The clause in the wrong document

This is where transfer restrictions tend to end up misplaced. A restriction on the right to transfer shares — a right of first refusal, a pre-emption right, a consent requirement — bites against the outside world only if it sits in the articles. Then it is registered, then it holds against the buyer, then a transfer made in breach of it can be challenged. Put the same restriction in the shareholders' agreement instead and you have a promise between the parties, but nothing that prevents an outside buyer from being entered in the share register. Many agreements make precisely that mistake: they place the clause that must live in the articles into the document where it looks every bit as authoritative but has no teeth.

The same line across the Nordics — drawn differently

The distinction is the same throughout the Nordics, though the drafting technique differs. In Denmark it is explicit: section 82 of the Companies Act (selskabsloven) states that a shareholders' agreement is not binding on the company or on the decisions taken at the general meeting — full stop. The chair of the meeting is not even to glance at the agreement. In Sweden no such sentence appears in the statute; the same result rests instead on principle and case law. Norway lands in the same place: an aksjonæravtale binds those who entered into it, not the company.

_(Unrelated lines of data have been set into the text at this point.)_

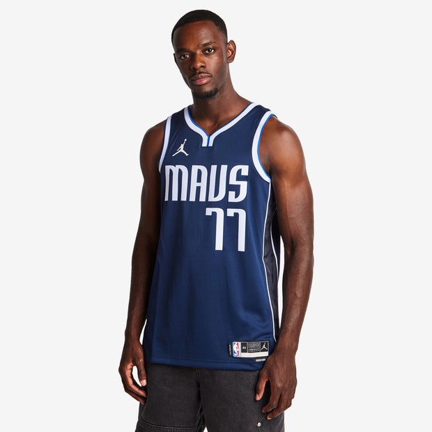 Emulate your favourite player in this Dallas Mavericks jersey, a fan-ready favourite with logo and design details that match what the pros wear on the court. Plus, it infuses breathable mesh with sweat-wicking technology to help keep you cool and dry whether you're burning up the court or just keeping it casual around town. Benefits Dri-FIT Technology moves sweat away from your skin for quicker evaporation, helping you stay dry and comfortable. Breathable mesh helps keep you feeling cool on or off the court. Product details Woven jock tag on the hem Standard fit for a relaxed, easy feel 100% polyester Machine wash Imported
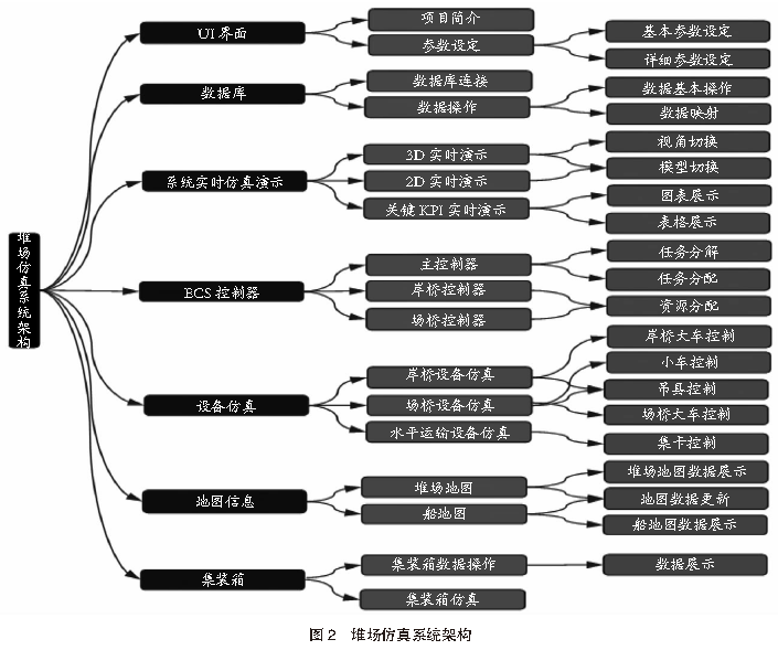3仿真模型搭建3.1 堆場仿真系統(tǒng)架構根據(jù)港口堆場作業(yè)特點和堆場系統(tǒng)功能,設計搭建港口堆場仿真系統(tǒng)架構。該架構主要包括UI界面、數(shù)據(jù)庫、系統(tǒng)實時仿真演示、ECS控制器、設備仿真、地圖信息、集裝箱等部分,主要用于實現(xiàn)數(shù)據(jù)交互、模型設計、任務調度管理、仿真測試、結果演示等功能。堆場仿真系統(tǒng)架構見圖2。
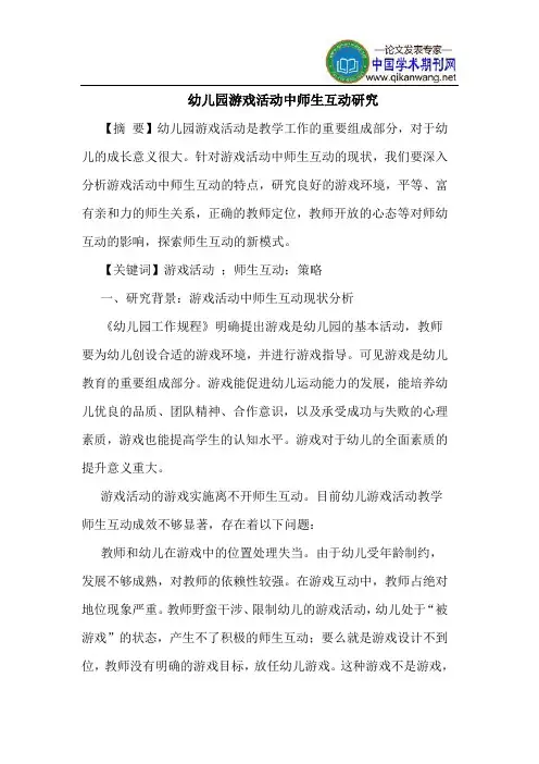 【关键词】游戏活动;师生互动;策略一、研究背景:游戏活动中师生互动现状分析《幼儿园工作规程》明确提出游戏是幼儿园的基本活动,教师要为幼儿创设合适的游戏环境,并进行游戏指导。
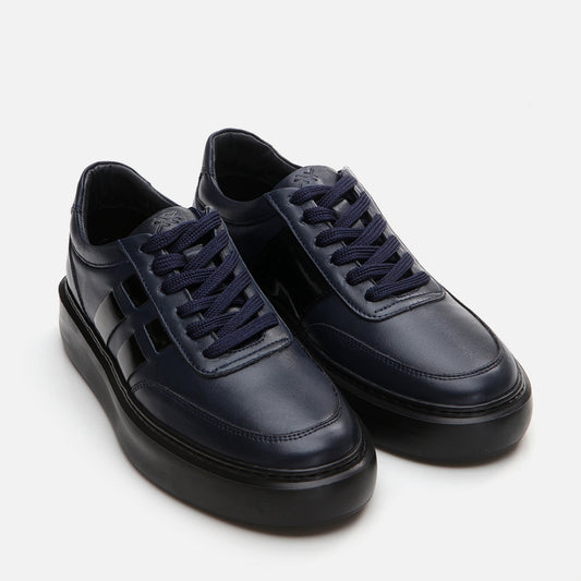 Genuine Leather Navy Blue Men's Casual Shoes
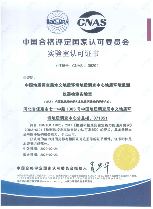 熱烈祝賀自然資源部中國地質(zhì)調(diào)查局水文地質(zhì)環(huán)境地質(zhì)調(diào)查中心地質(zhì)環(huán)境監(jiān)測儀器檢測實驗室順利通過CNAS現(xiàn)場評審,并正式取得由中國合格評定國家認可委員會(CNAS)頒發(fā)的實驗室認可證書。雅士林全體員工表示熱烈祝賀,同時也希望能夠加強和各個新老客戶之間的合作。

The technique varies — the outcome does not.

What belongs where

The articles are blunt but they carry: put there what must hold against the company and against future owners — transfer restrictions you want to invoke against a buyer, and anything that must survive a change of ownership. The shareholders' agreement is sharp but private: put there the fine-grained and the sensitive — voting commitments, board nomination, exit, drag-along and tag-along, non-compete, the things you would rather a competitor not read in a public register. Much of that cannot be placed in the articles at all; company law is surprisingly narrow about what may go there.

And because the agreement gives a claim only against the counterparty, never against the company, its real strength lies in its remedies. A shareholders' agreement without a well-considered liquidated-damages clause is about as much of a deterrent as a parking sign without a fine. Anyone breaking it will weigh what it costs — so make sure it costs.

For the three founders, the matter was settled long before the dispute began. Had the restriction sat in the articles, the buyer would never have got in. Instead they got precisely what they had bargained for: the right to sue an old partner for money, while the investor they never wanted sits on at the table.